Negli ultimi giorni il casting di Man of Tomorrow ha acceso un’ondata di speculazioni: la produzione sarebbe alla ricerca di una nuova protagonista femminile, e il profilo richiesto sembra combaciare in modo sorprendente con quello di Wonder Woman. La notizia arriva da Nexus Point News, che descrive un personaggio sui vent’anni, dall’indole decisa, fisico potente e – dettaglio particolarmente eloquente – un’altezza superiore alla media. L’annuncio parla apertamente di una “guerriera”, ed è proprio questa combinazione di elementi a far pensare che James Gunn sia pronto ad accogliere Diana Prince nel rinnovato DCU, forse già prima del suo film dedicato.
Alcuni fan ipotizzano nomi alternativi, come Big Barda o Black Canary, ma a orientare i pronostici è proprio il parametro meno comune: la statura. Gunn, mesi fa, aveva già commentato le polemiche sui requisiti fisici dell’amazzone, sottolineando l’importanza di un casting coerente con la visione del nuovo universo condiviso. Ora quella stessa caratteristica ritorna come requisito ufficiale, rafforzando l’idea che si tratti davvero di Wonder Woman.
Se la teoria fosse confermata, Man of Tomorrow diventerebbe il suo punto di ingresso nel DCU, mentre il suo film solista rimane ancora in lavorazione senza una data precisa. La pellicola con David Corenswet e Nicholas Hoult, invece, è già fissata per il 9 luglio 2027 e si preannuncia insolita: Superman e Lex Luthor saranno costretti a collaborare contro una minaccia comune. L’aggiunta di Diana potrebbe creare una dinamica ancora più ricca, soprattutto se la sua presenza sarà sostanziale e non relegata a un’apparizione marginale.

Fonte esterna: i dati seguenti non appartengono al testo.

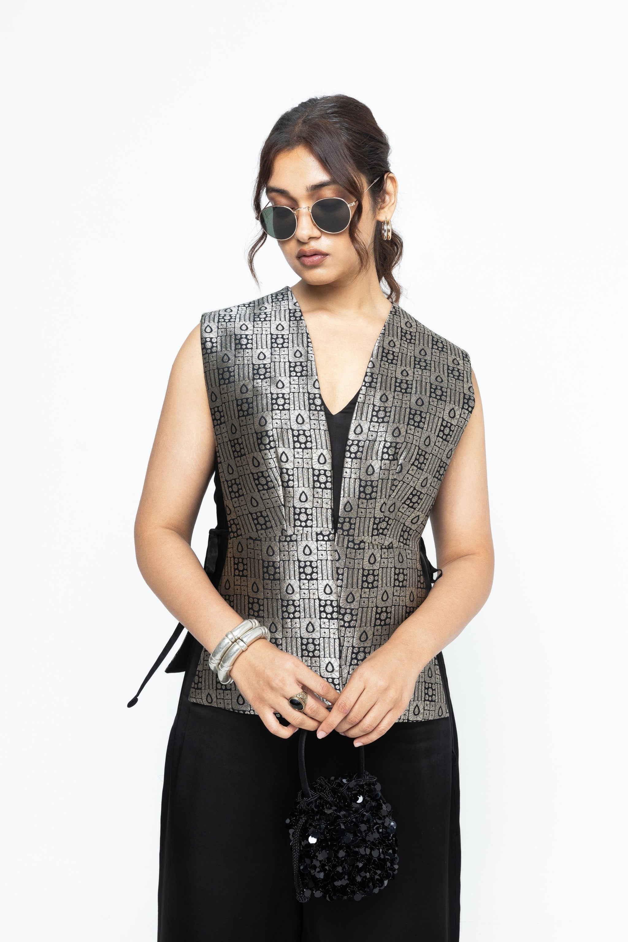 • Black gilet with tie details on the side paired with a matching Asymmetrical dress
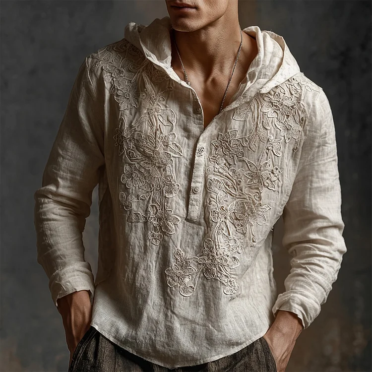 Men's Vintage Floral Lace Embroidered Hooded Linen Shirt
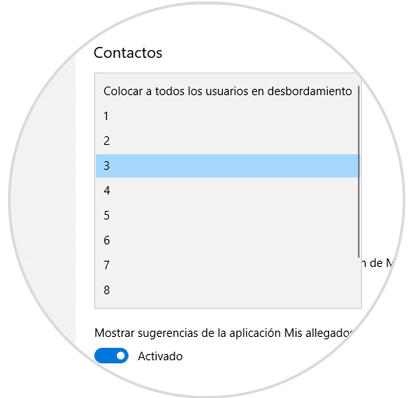 - Barra de tareas y allí, en la sección "Contactos", definir el número de usuarios:
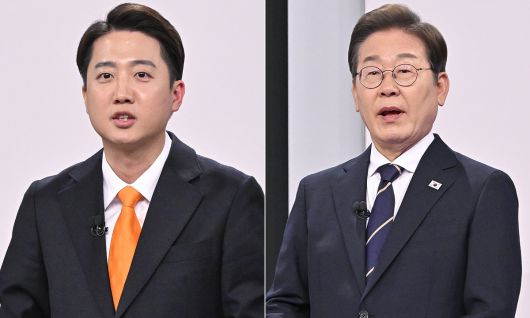 개혁신당 이준석 대선후보(왼쪽), 더불어민주당 이재명 대선후보. 연합뉴스
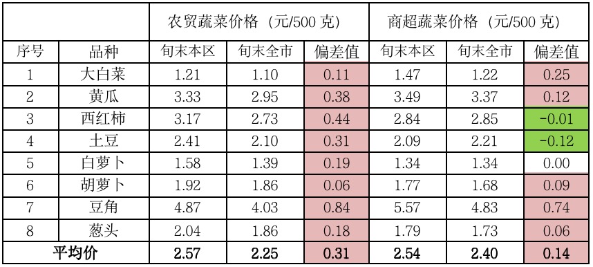 8种“当家菜”全区平均价格与全市平均价格对比,本旬我区农贸市场平均价2.57元/500克,较全市平均价高0.31元;商超平均价2.54元/500克,较全市平均价高0.14元。

La storia dei fumetti DC offre numerosi precedenti in cui Superman e Wonder Woman condividono scenari politici, morali e militari complessi, con Lex sempre pronto a sfruttare ogni apertura. La conferma di Rick Flag Sr. nel cast, interpretato da Frank Grillo, indica già un intreccio più ampio con altre trame del DCU. Introdurre Diana in questa fase, in una versione esperta ma ancora lontana dal suo pieno status mitico, permetterebbe a Gunn di impostare un percorso narrativo solido e a lungo termine.
In attesa dell’annuncio ufficiale, l’ipotesi ha già galvanizzato il pubblico: la nuova avventura di Superman potrebbe trasformarsi non solo nel suo sequel, ma nel primo vero crocevia dell’intero progetto cinematografico DC.